- Hertz shares have rebounded from the lows after entering bankruptcy resolution, and investor confidence has been gaining momentum despite knowing that shares could be worthless.
- The US bankruptcy court had given nod to the company to raise additional capital through selling shares.
- Hertz has disclosed credit obligations of around $19 billion in a latest regulatory filing.
Hertz Global Holdings Inc.
Something dramatic happened in the US on 12 June 2020. Hertz, a car rental fleet company, was given permission to sell stock worth $1 billion even after entering Bankruptcy Chapter 11 in late May. Hertz saw its stock price surge ~10x from its recent low of $0.56 on 26 May 2020, to hit $5.53 on 8 June and eventually settled at $2.83 on 12 June.
Image by Tumisu from Pixabay
As per the regulatory filing, the debtors have applied for an emergency motion to enter into an emergency open market sale agreement with Jefferies LLC (agent), under which the company, at its discretion, may sell stocks worth $1 billion.
The court agreed that the company might enter into an agreement with the agent to sell stocks of up to $1 billion, but the agreement was not finalised as of last Friday.
Hertz is also facing regulatory hurdles from the New York Stock Exchange, that is seeking to delist the company. The stock exchange has commenced proceeding against the company, and a hearing is due with respect to the delisting of the stock from NYSE.
Century-Old Company Goes Belly Up!
After being in business for a century, on 22 May 2020, Hertz announced that certain US and Canadian subsidiaries have voluntarily filed for Chapter 11 Bankruptcy. COVID-19 has disrupted the travel sector that has caused substantial deterioration in the business.
Hertz has experienced a decline in revenues and future bookings. Although it moved to preserve cash flows, the uncertainty around the recovery in the travel sector forced the management to initiate the bankruptcy process.
Image by Simon Hill from Pixabay
Its principal international operating regions that include Australia, New Zealand and Europe, as well as franchise locations, were not included in the bankruptcy proceedings. Hertz’s business continues to trade with all services currently operating.
The company was carrying cash of over $1 billion at the time of filing for bankruptcy that would enable the business to continue offering its services. However, it was also said that the business might also seek to access additional capital, given the uncertainty around the COVID-19 crisis.
Retail Investors Punting on Hertz Shares
Since the company filed for bankruptcy in May, the stock has eroded wealth hitting a low of $0.56 on 26 May 2020. However, the stock has also registered tremendous gains after hitting that low on 26 May.

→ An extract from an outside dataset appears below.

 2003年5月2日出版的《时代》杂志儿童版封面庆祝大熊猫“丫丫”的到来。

With the company filing for Chapter 11 it is assumed that the equity of the company might be potentially worthless. However, not everyone seems to buy this idea, as per the US media reports, Hertz shares have been trending on the popular retail investors’ platform Robinhood and are topping the charts as far as popularity of the stock goes amongst investors or should be say uninformed investors. However, Hertz believes the company is in compliance with security laws as long as public markets are informed about the risks.
Hertz a Trend Setter
Some experts are noting that the case could create a precedent for other bankruptcies to tap stock markets irrespective of the financial strain. Hertz, in its regulatory filing, disclosed debt of around $19 billion across various instruments and subsidiaries.

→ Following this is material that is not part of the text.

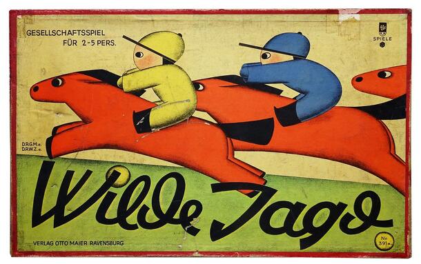 The playing pieces are placed on their colored starting spaces, and the horses on space 9 (the stable). With 2 players, 4 horses are placed on the stable; with 3 players, 5; with 4 players, 6; and with 5 players, all 7. The players' objective is to get as many of their mounted pieces as possible to reach the finish line. Players take turns moving a piece...

The company’s listed bonds continue to trade at significantly below their par value, and ordinary shareholders are last in the line to receive cash out of the bankruptcy process. Despite all of this, retail investors’ hype may have created the rally over the recent past.
Some say that it is like catching a falling knife, but it seems retail investors like to punt on falling knives. Day trading seems to be a thing to do as far as retail investors are concerned and promotions, ads induce these investors to make money quickly. With COVID-19 forcing many to work from home, people seem to have plenty of spare time to try their hands-on trading.

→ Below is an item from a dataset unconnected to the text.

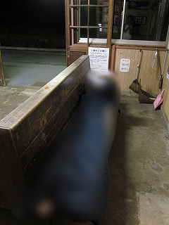 ふっと目を覚ますと、いつしか消灯していた。隅っこの赤いナツメグ灯だけがぼんやり灯っている。ほんとに昔の祖父母の家の板の間にゴロンと横になっている感じだ。誰かかが駅に近づいてきたこともあったが、暗すぎて私のことには全く気付かなかったようだ。扉は開けておいてよかった。閉まっていたら非常に怪しまれるだろう。もっとも、閉めるともの凄い音がするのだが。きれいなトイレや水場も室内にあって、とても安心できた。なんか人の心を感じる駅である。古くてもこざっぱりして掃き清められているというのは、そんなことをいたく感じさせることが多い。掃除だって工事の一種みたいなもので、それだけで収まることがある。

Since many are not able to visit casinos, the stock market has become a remote casino for many, or so it seems. But it comes with a considerable level of risk, and permanent loss of capital for shareholders is quite high when a business has entered bankruptcy.
Who knew a company that files for Chapter 11 could go on to raise capital by issuing shares to equity investors, when it is a given that the equity holder comes last in the ranking as far as the company’s obligation is concerned. Many seasoned investors are baffled by this development, while some have profited by taking a brave punt.